I have a spark job as part of my data pipeline implemented in Apache airflow which runs daily and create new partition value in an iceberg table which is partitioned by timestamp column ‘event_time’. Since I may need to rerun the pipeline I am using overwritePartitions() method of DataFrameWriterV2 API to update data in table. I am planning to create reflection on this table and wanted to include reflection refresh also as part of the pipeline using REST APIs.
The pipeline I am planning is :
- Run spark job
- Create raw reflection with partition column same as that of the table using REST APIs if reflection not exists.

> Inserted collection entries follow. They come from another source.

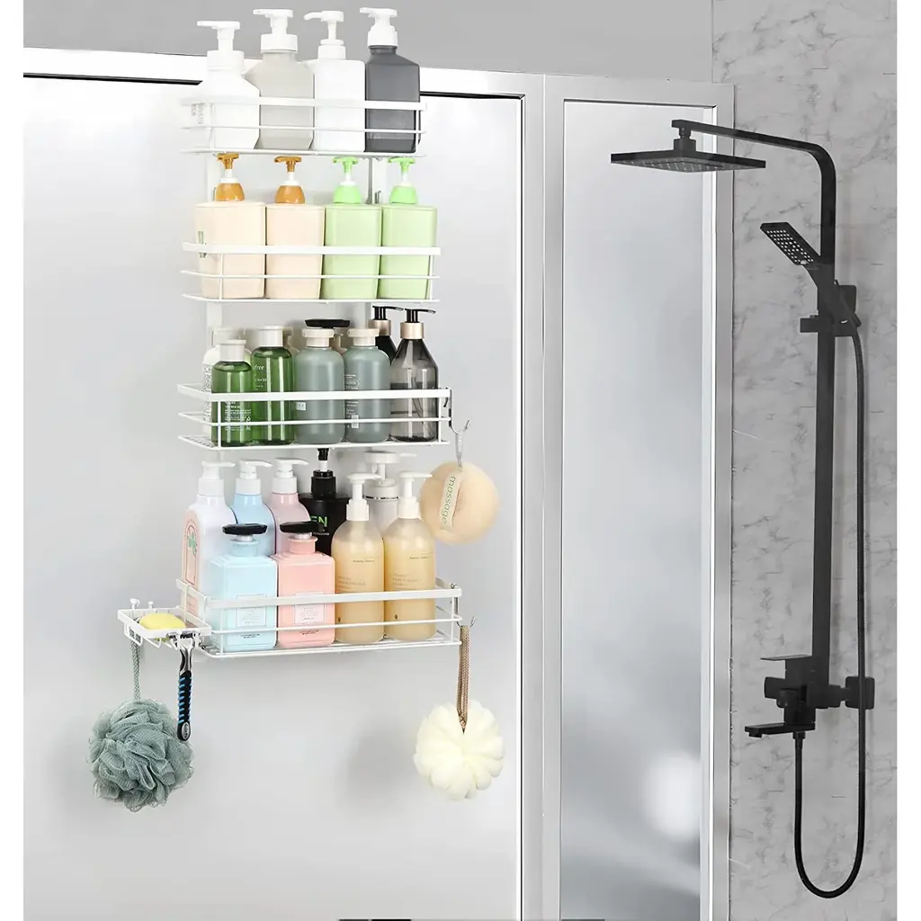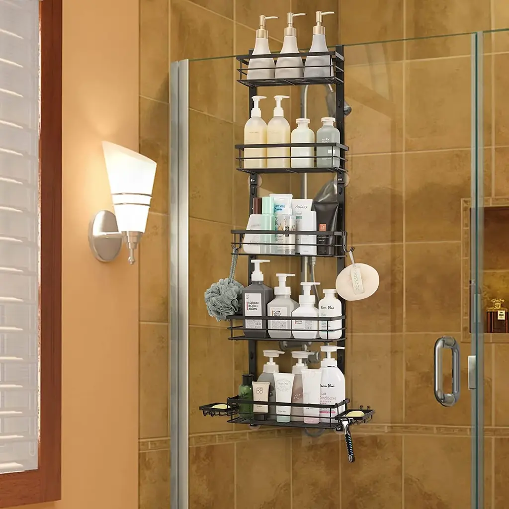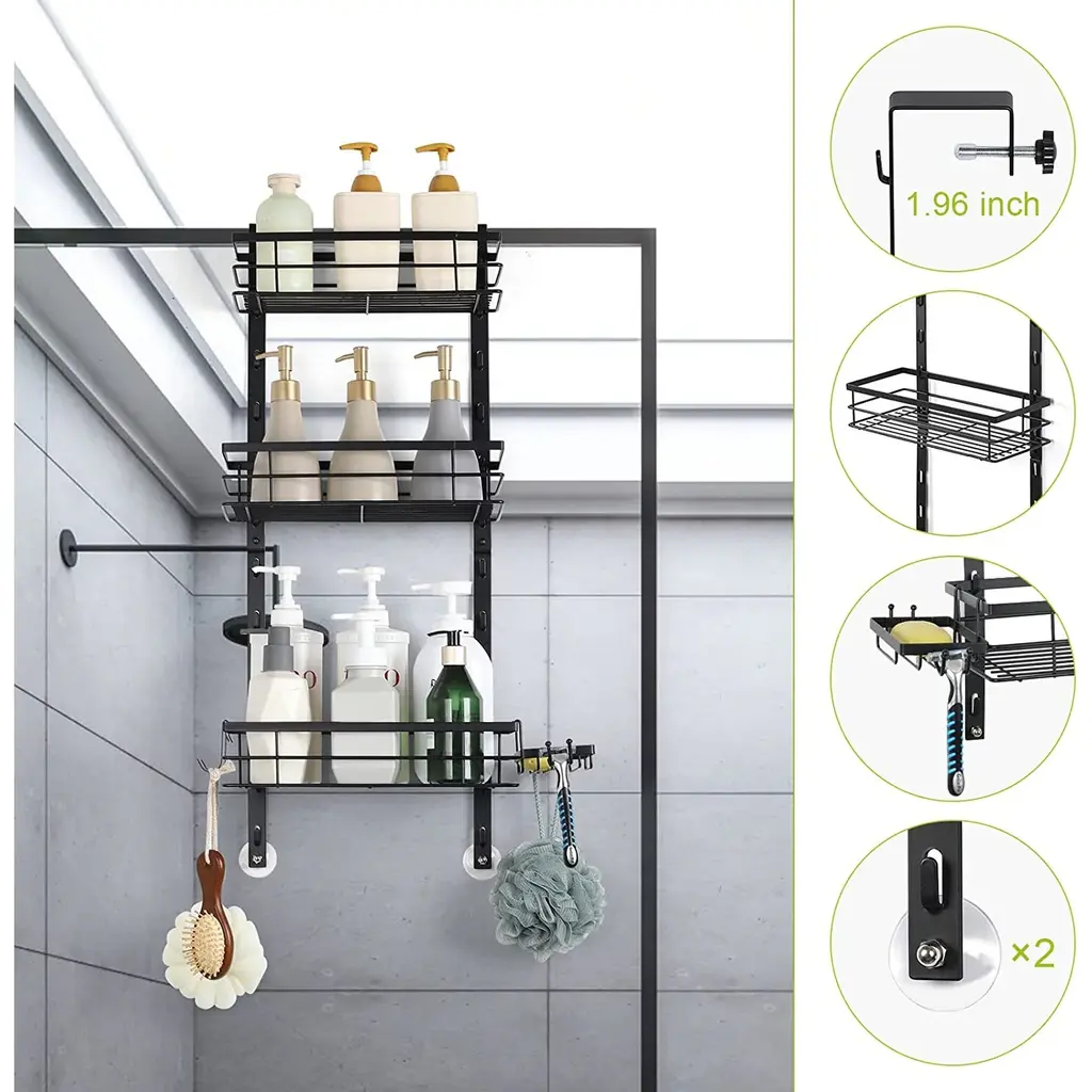 【Adjustable Height Shower Caddy】Over the door shower organizer with 3/4/5 height-adjustable large capacity shelves, you can adjust the distance between each shelf according to our needs and arrange smaller spaces for small toiletries, such as face creams, while it also has enough space for the highest shampoo and conditioner bottles. 【Adjustable Screw and Suction Cup Fixing Shower Organizer】Shower Shelf for inside shower top hook is fixed with screws to prevent it from sliding on the glass door, and it can also be adjusted to match door width to 2.55", you won't need to worry when using it will shake and cause a mess, the screws are installed with plastic pads that won't scratch the glass door. shower caddy hanging bottom uses suction cups to hold the shower rack in place and secure the shelf tightly to the shower door. 【Over the Door Shower Organizer WithAmple Storage Space】 Whether you need to store shampoo, conditioner, body wash, or other bathroom essentials, our hanging shower organizer has plenty of space for all your items. We give you an additional removable soap holder with hooks. You can hang razor, shower sponge and brush that provide an extra convenience, you don't need to buy extra soap holder. 【Rustproof & Fast Draining】The waterproof Bathroom Shower Shelf Organizer is not only rust-proof but also long-lasting in wet environments. Hollow and open bottom wire design helps water dry quickly and keeps bath essentials clean.NOTICE: NOT for sliding doors. 【Stable & Easy Assembly】Our shower caddy can be installed in minutes without drilling or other tools.
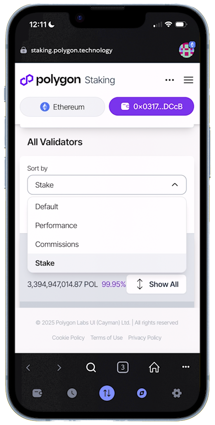 Navigate to the Polygon Staking Hub, connect your wallet, and view the list of available validators. Over 100 validators are currently active.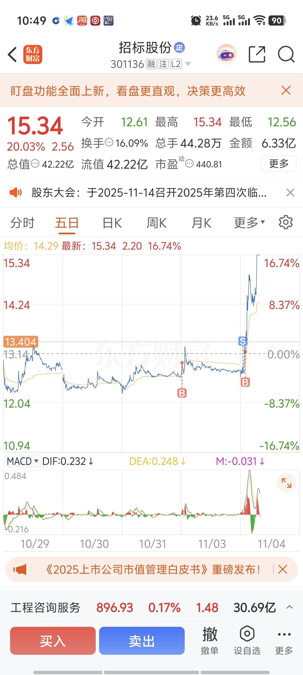 $招标股份(SZ301136)$ 尼么,早上洗盘把我洗出去了,幸好我又回来看看再买入。弄了个反T

API used to create - Reflection | Dremio Documentation
API used to check reflection exists - Reflection | Dremio Documentation - Refresh reflection using below endpoints by setting type as incremental & refresh field as event_time.
Change settings to incremental - Table | Dremio Documentation
Trigger refresh - Table | Dremio Documentation
The approach above works fine for normal runs ( When new values for event_time comes in data ). However I came to know that incremental refresh in step #3 above is not working in case of rerunning the pipeline since we overwrite data for a certain value of event_time which already exists in the table. I think it is due to the limitation mentioned in this link.

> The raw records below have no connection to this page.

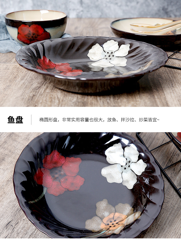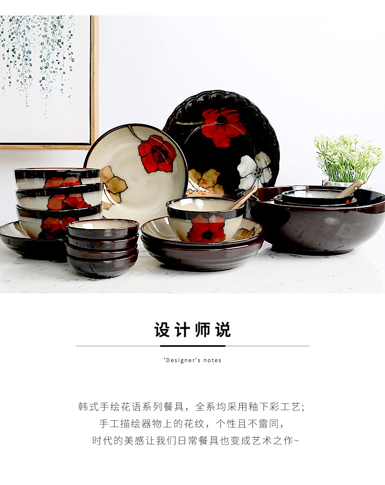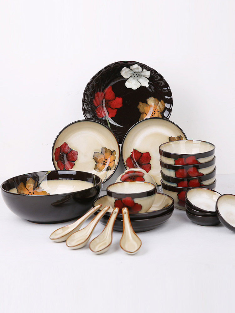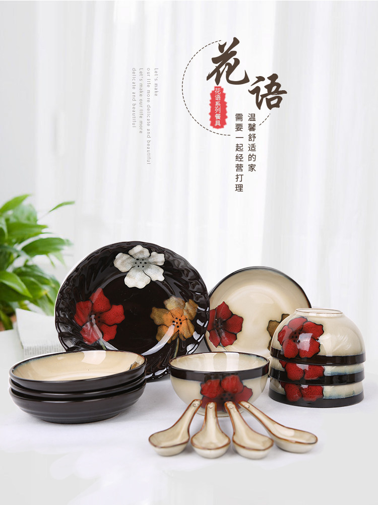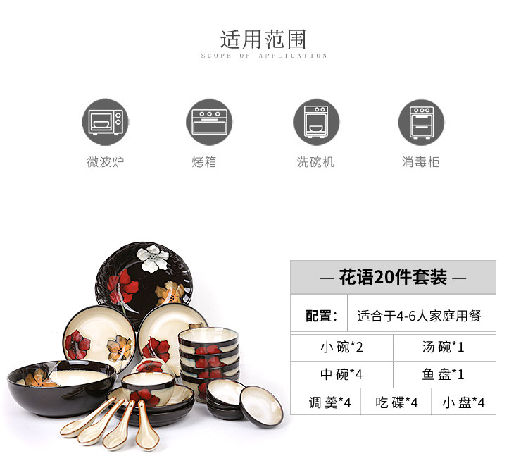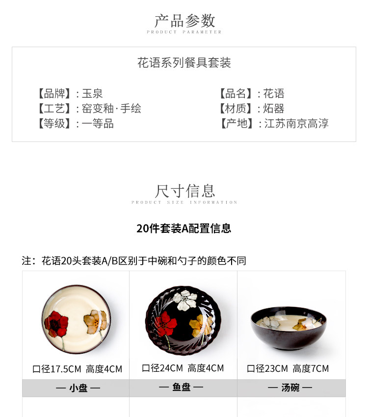 淘宝玉泉花语20头中式碗碟餐具套装韩式陶瓷碗盘釉下彩家用菜盘子平盘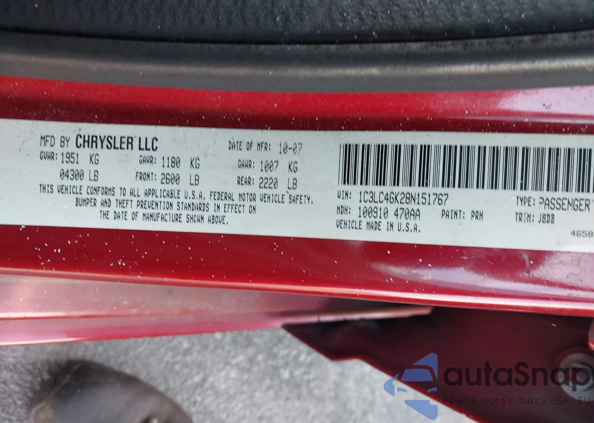 • VIN 2C3CDZAG5JH219801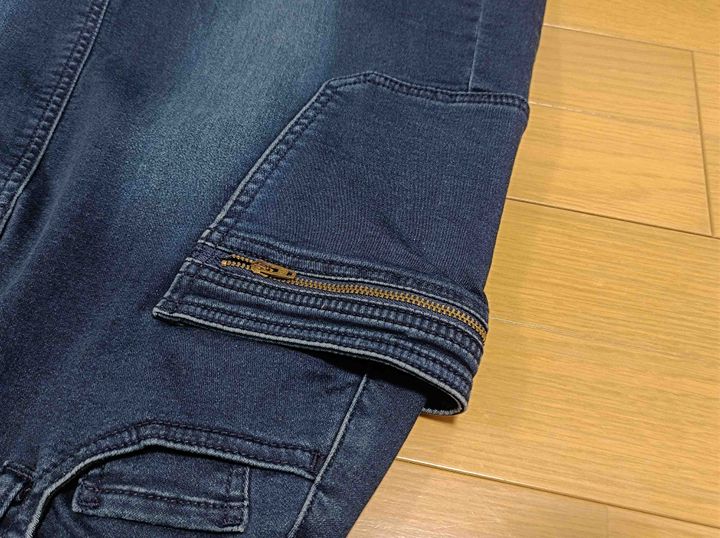 さらに、普通のポケットが横に2つ、ヒップ部分にもポケット2つ、さらに大きなポケットが2つ、そして、大きなポケットの上にもう一つチャック付きのポケットが1つ。合計なんと7つもついています。

Only option to make both the scenarios work for me is full refresh which I don’t want as it needs more resource and time and also refresh time increases day by day.
I tried the below flow without any luck.
- Delete the existing value from table for the event_time it is going to run
- Create reflection if not exists
- Refresh the reflection with incremental & incremental field event_time
- Execute the spark job
- Execute #3
I think the specific feature I am asking for is already available in 24.2 version which is not released for dremio-oss yet. Is there a workaround which I can do to avoid full refresh in my pipeline until the feature is available in dremio-oss?
I checked the dremio-oss code base in this class already thinking I can put some hacks via code but was unable to understand the logic which causes this behavior. Here it is comparing the schema hash of data set and reflection data set.